Jacob Zuma et l’ANC, le parti au pouvoir en Afrique du Sud, ont gagné les élections du 22 avril après avoir réussi à transformer ces consultations en une confrontation entre, d’une part les Noirs et les Blancs des classes aisées, d’autre part la majorité noire dépossédée, évitant ainsi que les élections soient le verdict quant à la politique menée par le gouvernement au pouvoir.

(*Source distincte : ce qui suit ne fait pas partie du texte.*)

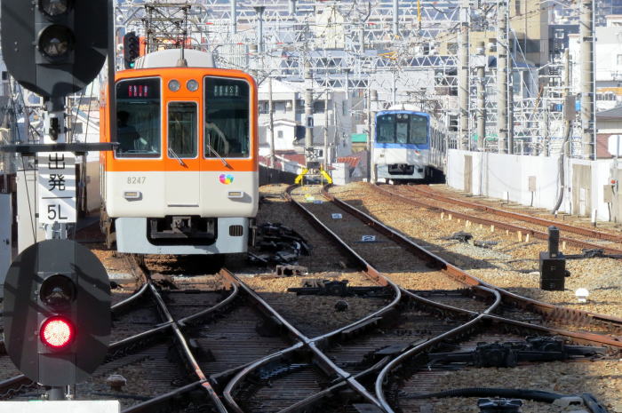 阪神電鉄・甲子園駅の阪神三宮方向にシングル・スリップポイントが2基あります。
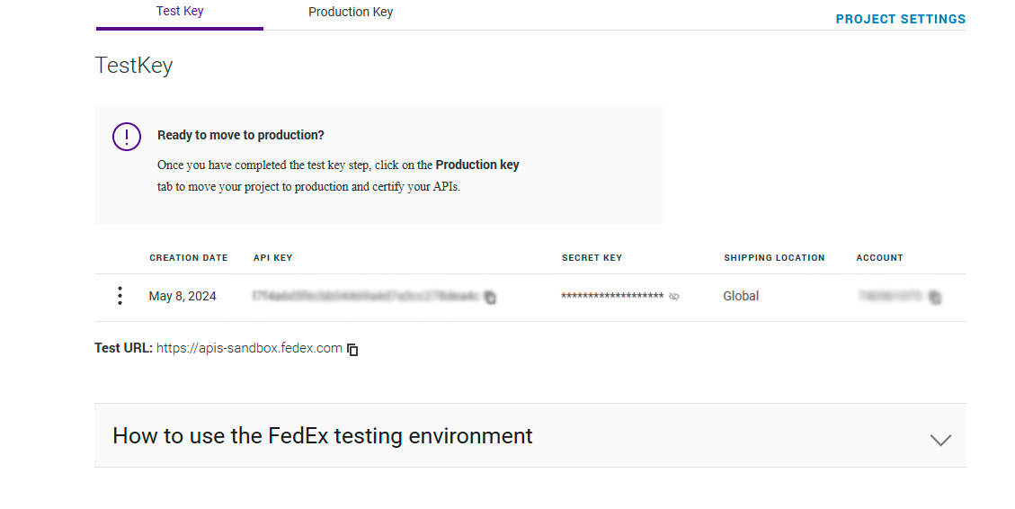 Test Keys are then provided and you may use these in WP EasyCart. Within the WP EasyCart Settings -> Shipping Settings for fedex, you may slide the Test Mode to ON for these API Key and Secret to work. Be sure to copy/paste the credentials correctly and look for any extra spaces before or after when you enter the values.
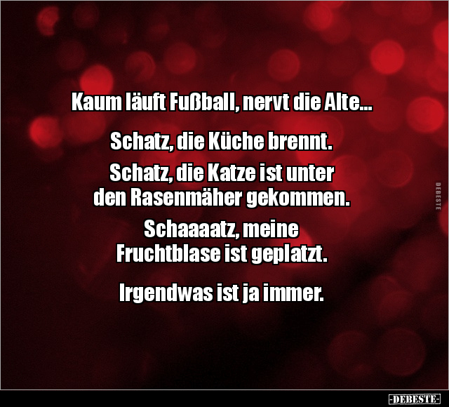 Kaum läuft Fußball, nervt die Alte... Schatz, die Küche brennt. Schatz, die Katze ist unter den Rasenmäher gekommen. Schaaaatz, meine Fruchtblase ist geplatzt. Irgendwas ist ja immer.
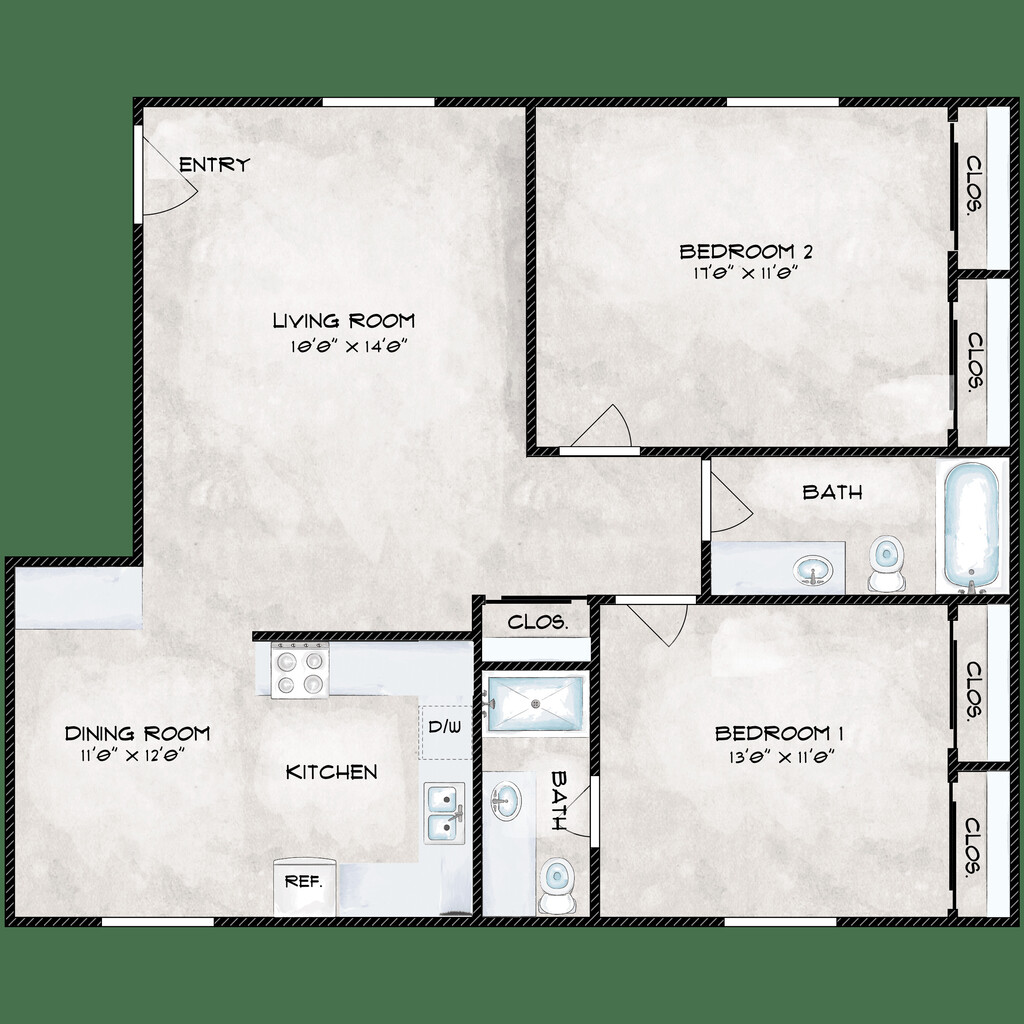 Apartment Model: B22 Bedroom, 2 Bath, 1050 sq ftUnavailable![]()
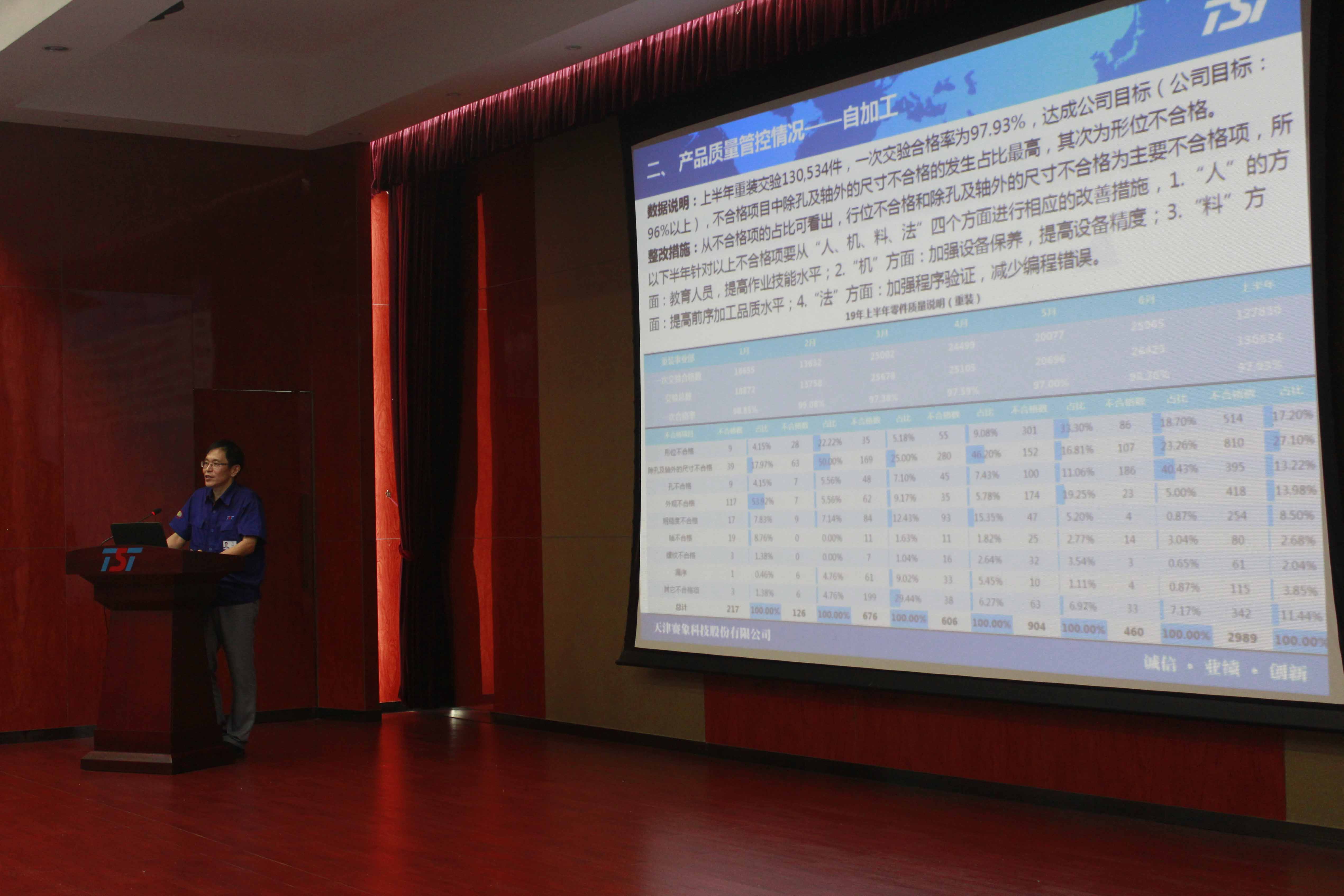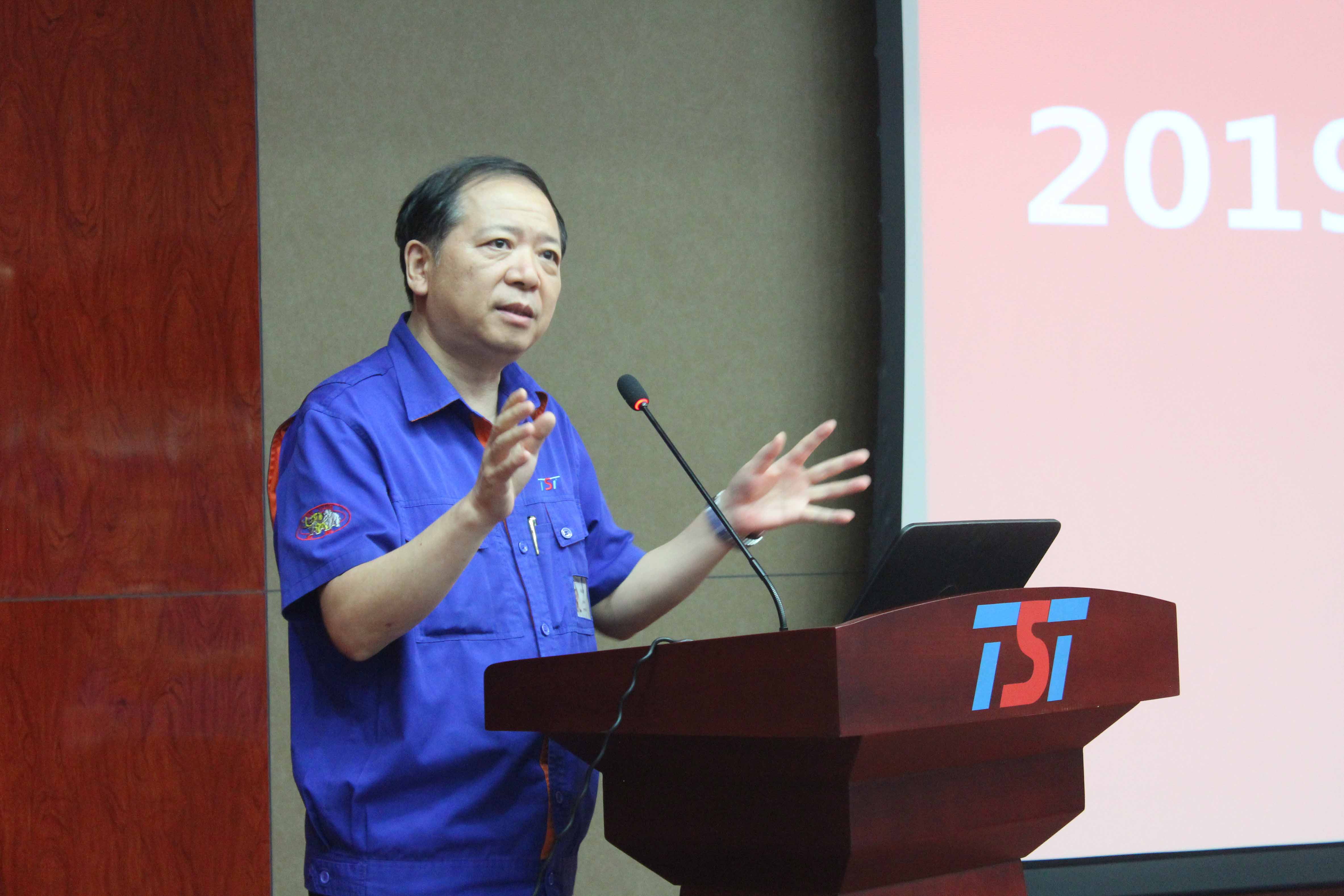大會在莊嚴(yán)的國歌聲中拉開帷幕。首先,公司總經(jīng)理史航作了公司2019年年中總結(jié)。史總從“2019年上半年經(jīng)營業(yè)績完成情況、產(chǎn)品質(zhì)量管控情況、降本增效、生產(chǎn)效率提升、安全與能源管理”幾個(gè)方面對2019年上半年工作完成情況進(jìn)行了全面地總結(jié)。史總通過上半年工作的完成數(shù)據(jù),客觀分析了當(dāng)前面臨的形勢,并對公司下半年的工作重點(diǎn)和相關(guān)的改進(jìn)措施提出了新的要求,并號召各部門共同努力,為完成公司2019年的方針和經(jīng)營目標(biāo)而共同奮斗!
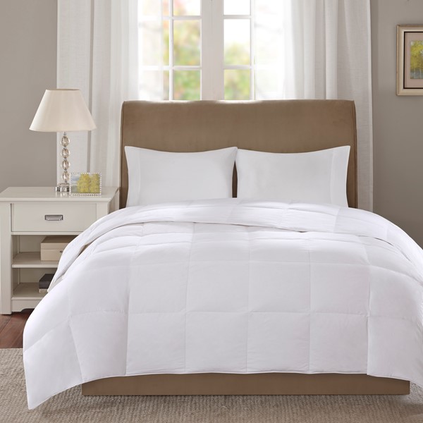 The True North Stain Release 3M Scotchgard 300 Thread Count Cotton Sateen White Down Comforter in level 1 is perfect for all-season use. The comforter is filled with high-quality 600 fill power 80% white down, 20% feather. Did you know that down provides approximately three times the warmth per ounce compared to even the best synthetic alternatives? Down is also breathable and helps to wick away moisture while you sleep. Our 300 thread count, 100% cotton sateen cover features 3M Scotchgard stain release which removes dirt easier in wash. The fabric remains soft and breathable while helping to keep your comforter looking newer longer. The end-to-end sewn-through box quilting ensures that the white down doesn’t shift, so you’ll never have any cold spots on the bed. Four corner loops on the comforter can be tied to help secure it within a duvet cover. This comforter is also OEKO-TEX certified, meaning it does not contain any harmful substances or chemicals, ensuring quality comfort and wellness. Items in the set may come in a rolled or compressed packaging, which will need to be fluffed up or steam ironed before use to remove wrinkles.

En dehors de quelques exceptions, après 15 ans de pouvoir, peu de choses ont changé pour la plupart des Sud Africains noirs qui vivent toujours dans une pauvreté accablante, sans emploi et sans logement. Et pourtant, Zuma aura gagné les élections grâce aux voix de la plupart des Sud Africains pauvres, dont la vie a connu peu de changements depuis que le pays est devenu une démocratie en 1994. Pendant sa campagne électorale, Zuma a réussi à se dépeindre comme étant lui-même pauvre. Suite à son exclusion de l’administration de l’ancien président Thabo Mbeki, dont il a été le vice président et allié jusqu’à son éviction pour des allégations de corruption en 2005, il s’est présenté comme étant aussi un exclus, victime des mêmes discriminations que les pauvres.
Zuma a évincé Mbeki de la direction du parti en 2007, après une lutte féroce dont l’objet était le contrôle du pouvoir plutôt qu’une différence idéologique ou de vision politique. Aux yeux beaucoup de Sud Africains pauvres, Zuma a réussi à se départir des défaillances du gouvernement de l’ANC, qu’il met entièrement à la charge de Mbeki. Tout au long de sa campagne électorale, il a dépeint ses partisans, maintenant responsables de l’ANC, comme un parti complètement différent. Ses stratèges ont présenté Zuma et ses partisans, maintenant à la tête du parti, comme étant notoirement plus favorables aux pauvres, plus démocrates et moins corrompus, qui gouverneront avec plus d’efficacité une fois le pouvoir conquis. En outre, ceux qui ont mené la campagne de Zuma se décrivent comme les héros de batailles épiques contre l’aile corrompue de la classe marchande qui est aussi la classe moyenne et la tendance pro blanche de l’ANC, représentée par Mbeki.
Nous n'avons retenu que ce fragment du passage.